BenTheElder · 2023-05-25T21:30:50Z

To reproduce you also need a new enough kernel to have the misc controller (~5.15, depending on distro patches).

I used 23.04. Also make sure to set unified underGRUB_CMDLINE_LINUX= and save.

bentheelder@cgroups:~$ cat /etc/default/grub
# If you change this file, run 'update-grub' afterwards to update
# /boot/grub/grub.cfg.
# For full documentation of the options in this file, see:
#   info -f grub -n 'Simple configuration'

GRUB_DEFAULT=0
GRUB_TIMEOUT_STYLE=hidden
GRUB_TIMEOUT=0
GRUB_DISTRIBUTOR=`lsb_release -i -s 2> /dev/null || echo Debian`
GRUB_CMDLINE_LINUX_DEFAULT="quiet splash"
GRUB_CMDLINE_LINUX="systemd.unified_cgroup_hierarchy=0"
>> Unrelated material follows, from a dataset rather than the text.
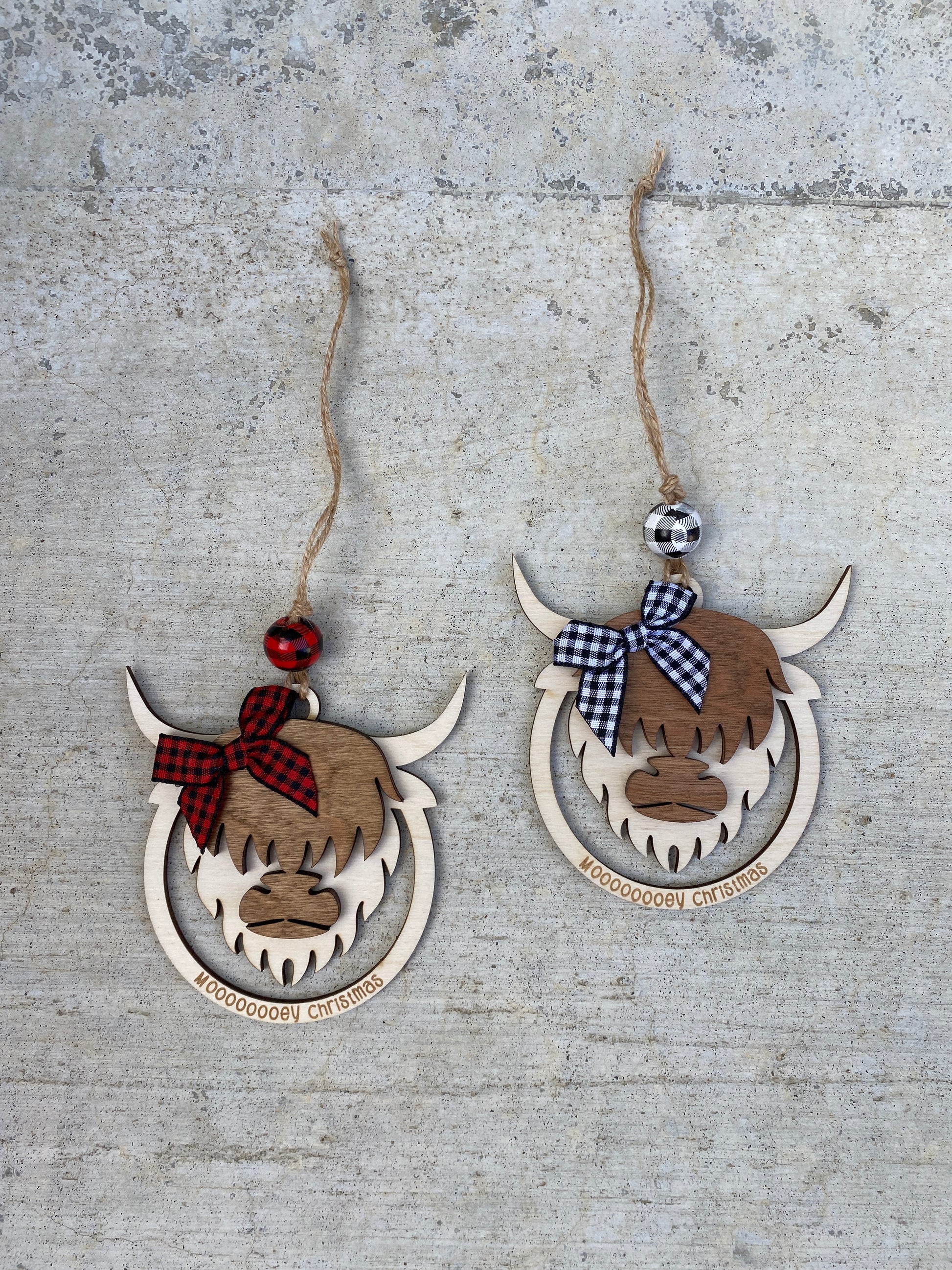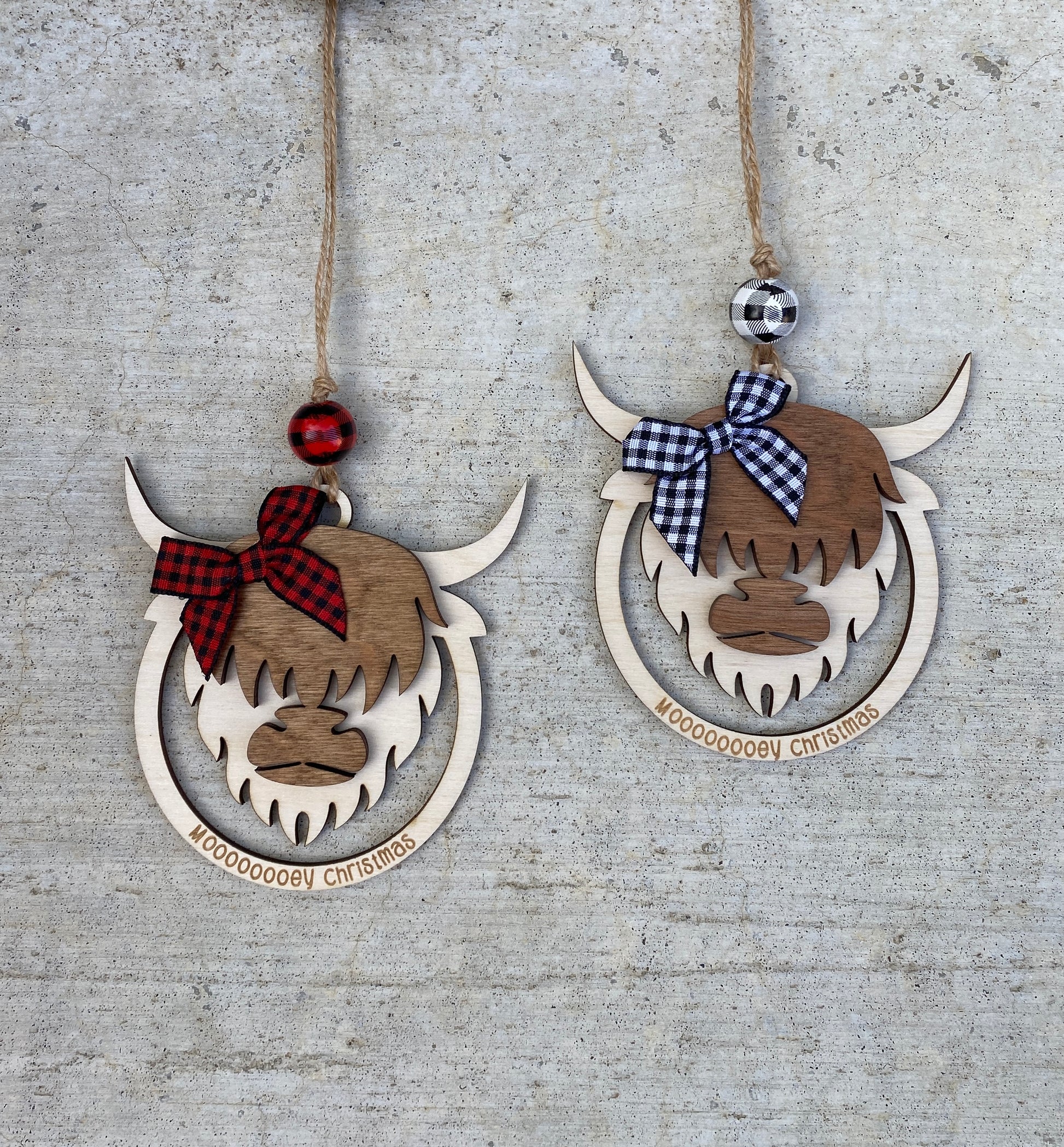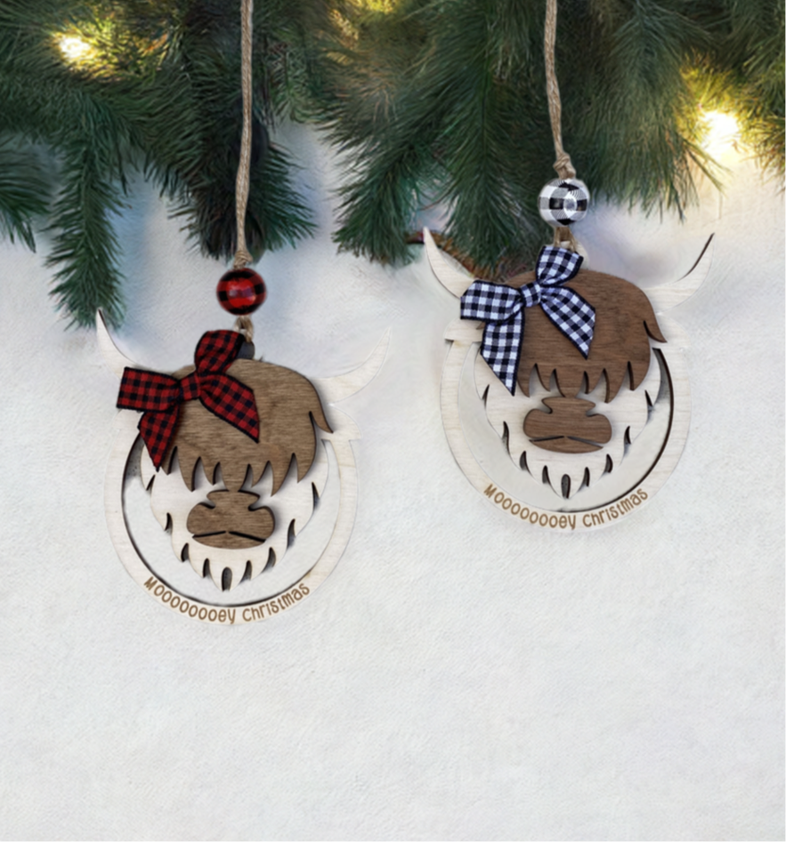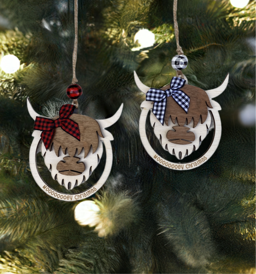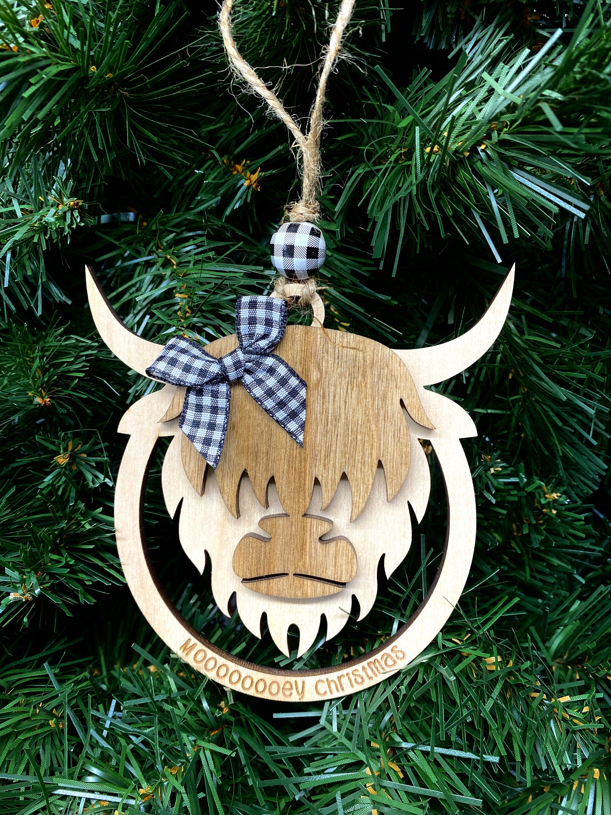 Delight in the Christmas spirit with this Highland Cow Mooooooooey ornament! Handcrafted and made with the highest quality of wood, this ornament will bring cheer to any room with its engraved, cut and stained design. Adorn your tree with this whimsical ornament to spread holiday cheer!

# Uncomment to enable BadRAM filtering, modify to suit your needs
# This works with Linux (no patch required) and with any kernel that obtains
# the memory map information from GRUB (GNU Mach, kernel of FreeBSD ...)
#GRUB_BADRAM="0x01234567,0xfefefefe,0x89abcdef,0xefefefef"

# Uncomment to disable graphical terminal (grub-pc only)
#GRUB_TERMINAL=console

# The resolution used on graphical terminal
# note that you can use only modes which your graphic card supports via VBE
# you can see them in real GRUB with the command `vbeinfo'
#GRUB_GFXMODE=640x480

# Uncomment if you don't want GRUB to pass "root=UUID=xxx" parameter to Linux
#GRUB_DISABLE_LINUX_UUID=true

# Uncomment to disable generation of recovery mode menu entries
#GRUB_DISABLE_RECOVERY="true"

# Uncomment to get a beep at grub start
#GRUB_INIT_TUNE="480 440 1"

spowelljr · 2023-05-25T21:37:40Z

I'll try with an Ubuntu 23.04 machine, previously what I tried was:

$ uname -a
Linux ubuntu-20-agent-5 5.15.0-1034-gcp #42~20.04.1-Ubuntu SMP Thu May 18 05:40:21 UTC 2023 x86_64 x86_64 x86_64 GNU/Linux

$ mount | grep cgroup2
cgroup2 on /sys/fs/cgroup/unified type cgroup2 (rw,nosuid,nodev,noexec,relatime,nsdelegate)

# modify grub
$ cat /etc/default/grub | grep "GRUB_CMDLINE_LINUX"
GRUB_CMDLINE_LINUX_DEFAULT="quiet splash"
GRUB_CMDLINE_LINUX="systemd.unified_cgroup_hierarchy=0"

$ sudo update-grub
$ sudo reboot

# cgroup2 still showing?
$ mount | grep cgroup2
cgroup2 on /sys/fs/cgroup/unified type cgroup2 (rw,nosuid,nodev,noexec,relatime,nsdelegate)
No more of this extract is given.